Cleary was selected by New South Wales for the 2020 State of Origin series. He played poorly in the game 1 loss, with Andrew Johns calling for him to be dropped. Roy Masters said, "Cleary has a weakness and the Maroons have identified it. Cleary's below-par performances in the NRL grand final and the first State of Origin match are directly related to the pressure imposed on his kicking game." He was awarded man of the match in game 2 of the series, where he was praised for his exceptional kicking game, but another loss in game 3 saw a shock 2-1 series defeat. He said after, "2020 as a whole has been a roller coaster, really. I've ridden the highs and lows. I've lost some pretty big games in the last month."

2021
In round 10, Cleary scored a hat-trick and kicked eight goals in Penrith's 48-12 victory over the Gold Coast. The following week, he scored two tries and kicked ten goals in Penrith's 56-12 victory over South Sydney.

Cleary kicked eight goals for New South Wales in the opening game of the 2021 State of Origin series as they defeated Queensland 50-6.

On 30 June, it was announced Cleary would be unable to play for an indefinite period after suffering a shoulder injury. In round 22, he made his return to the Penrith team in a 34-16 victory over St. George Illawarra.

Cleary played a total of 20 games for Penrith in the 2021 NRL season including the club's 2021 NRL Grand Final victory over South Sydney. Cleary was awarded the Clive Churchill Medal for being man of the match. He was also named Dally M Halfback of the year.

On 19 October, Cleary was handed a proposed $7000 fine by the NRL and a breach notice which alleges that he acted contrary to the best interests of the game after he was photographed on social media acting in a disrespectful manner toward the NRL Telstra Premiership Trophy. Although Cleary nor any of the Penrith players had broken the trophy, the NRL alleges Cleary and teammate Stephen Crichton showed disrespect towards the individuals depicted in the iconic moment memorialised on the Trophy.

2022
On 29 May, Cleary was selected by New South Wales to play in game one of the 2022 State of Origin series.

In round 14 of the 2022 NRL season, Cleary scored a try and kicked seven goals in Penrith's 42-6 victory over Newcastle.

In game 2 of the 2022 State of Origin series, Cleary scored two tries and kicked eight goals in New South Wales 44-12 victory over Queensland.

In game 3, New South Wales were behind 16-12 against Queensland with less than two minutes remaining when Cleary elected a chip kick over the top of the defensive line which was intercepted by Queensland's Ben Hunt who ran 70 metres to score the match winning try.
In round 20, Cleary was sent off in Penrith's 34-10 loss against Parramatta for a dangerous lifting tackle.

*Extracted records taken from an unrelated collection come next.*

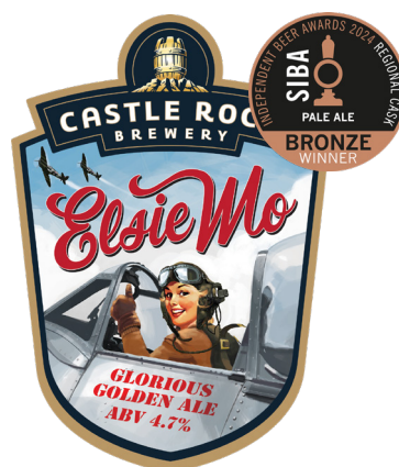
ELSIE MO 4.7 % ABV

A lower-alcohol and sessionable quality alternative. Our House is an easy-drinking extra pale ale with a satisfying crisp finish.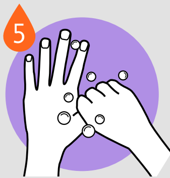
CLEAN BASE OF THUMBS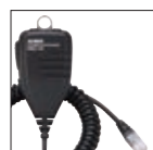
Plain Microphone (EMS78 or EMS79 depending on version) EMS-78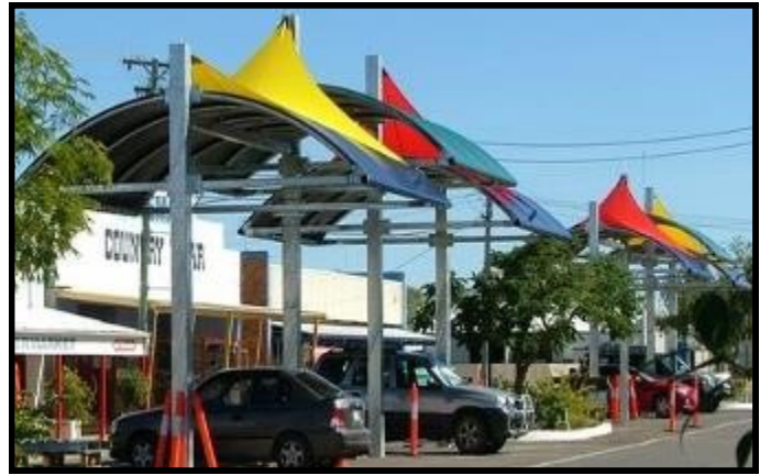
VINYL MEMBRANE & SHADECLOTH FRAME STRUCTURES FOR CARPARKS IN JULIA CREEK MAIN STREET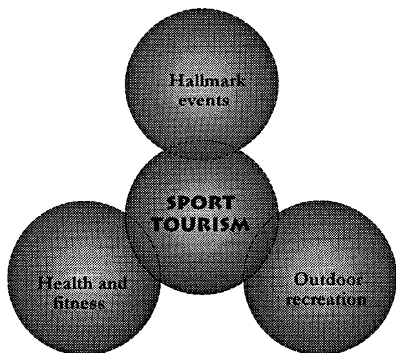
Figure 1. Related contextual domain

To a large extent, it is these three characteristics that make sport tourism such an interesting area for research. The systematic exploration of the relationship between these characteristics of sport and the characteristics of the spatial and temporal dimensions of tourism has the potential to provide significant insight into this phenomenon. Prior to this discussion, however, it is necessary to consider the merit of sport as a central attraction of tourism.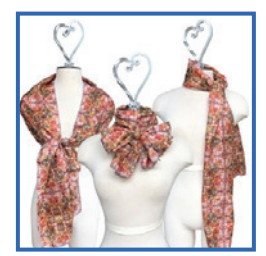
Heather Wasaff Booth 115 The Woodlands, TX Wearable Art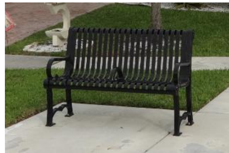
Benches with no ad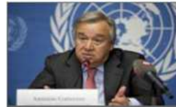
ANTÓNIO MANUEL DE OLIVEIRA GUTERRES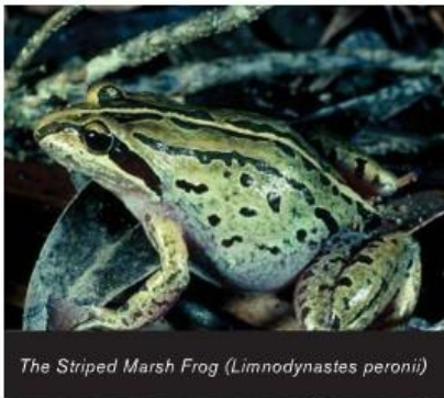
The Striped Marsh Frog ( Limnodynastes peronii )

The Seahorse edition 1 2013 p29 www.newcastle.edu.au forwarded for Frogcall by Wendy & Phillip Grimm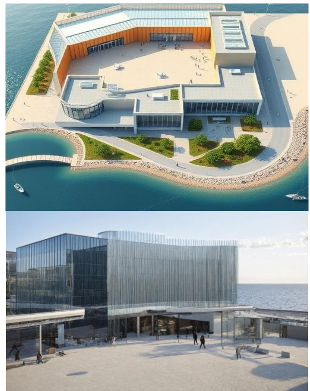
Fig. 3. A, B 3D concept of the marin museum in Sabratha city

The surrounding outdoor area features a scenic seaside walkway with interpretive signage and resting spots. An educational garden showcases native coastal flora and interactive exhibits related to marine ecosystems, offering an engaging outdoor learning experience.

On 30 July, Cleary was suspended for five games over the tackle which meant he would miss the remainder of the 2022 regular season.

In the 2022 Qualifying Final, Cleary returned to the Penrith side and put in a man of the match performance in the clubs 27-8 victory over Parramatta.

Cleary played for 17 games for Penrith throughout the year including their 2022 NRL Grand Final victory over Parramatta.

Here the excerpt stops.